George Leef devotes his latest Martin Center column to the purported ills of for-profit higher education.
For about fifteen years, from 1995 to 2010, enrollments grew rapidly in the for-profit higher education sector, but since then have fallen substantially. The reason for the decline is mainly the overt hostility to for-profits during the Obama administration. The Department of Education killed off two of the largest for-profit competitors (Corinthian and ITT), and rhetoric from top officials created the impression that the for-profits were in general an educational scam.

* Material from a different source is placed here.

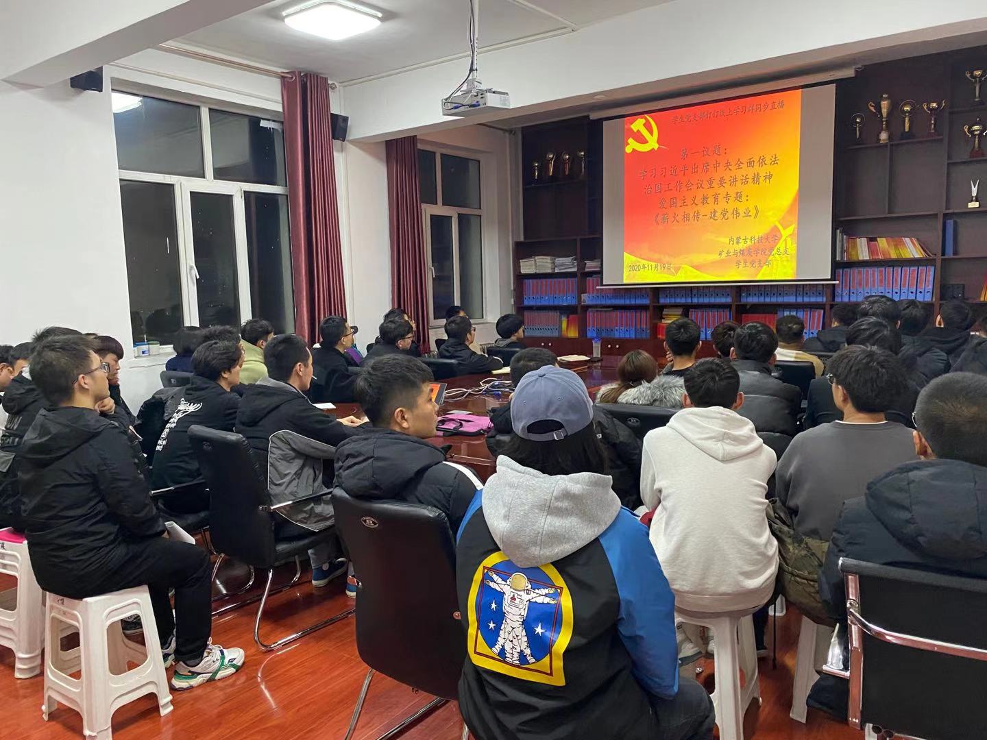为大力弘扬爱国主义精神,beat365英国官方网站党总支于2020年1119日晚上19:30,在临曦楼二楼党员之家线上线下同步开展专题理论学习活动。本次学习内容是:第一议题:学习习近平出席中央全面依法治国工作会议重要讲话精神;爱国主义教育专题:观看《薪火相传-建党伟业》视频。

That impression is challenged a newly published book Unprofitable Schooling, edited by Todd Zywicki and Neal McCluskey. It consists of eleven interesting and varied chapters; the one I will focus on is entitled “Assessing For-Profit Colleges” by professor William Shughart of Utah State and Jayme Lemke, senior fellow at the Mercatus Institute. In it, the authors argue that the for-profit sector has unappreciated virtues, particularly for many students who are the most at-risk, and that singling it out for regulatory attack is counter-productive.
For most of our history, for-profit higher education was almost non-existent. As Shughart and Lemke explain, “The significant tax advantages enjoyed by private and public nonprofit colleges make that market one into which competitors find it difficult to enter.” Nevertheless, starting in the 1990s, for-profit schools began to attract large numbers of students, suggesting that they must have provided many students with value in excess of the cost.
But why would students who were after a short-term, occupationally related course of study choose to enroll in a for-profit and pay more than if they enrolled in a community college, which is almost costless? Our two economist authors knew there had to be reasons and dug for them.
The first important difference, according to Shughart and Lemke, is that for-profit schools are more accessible for many students.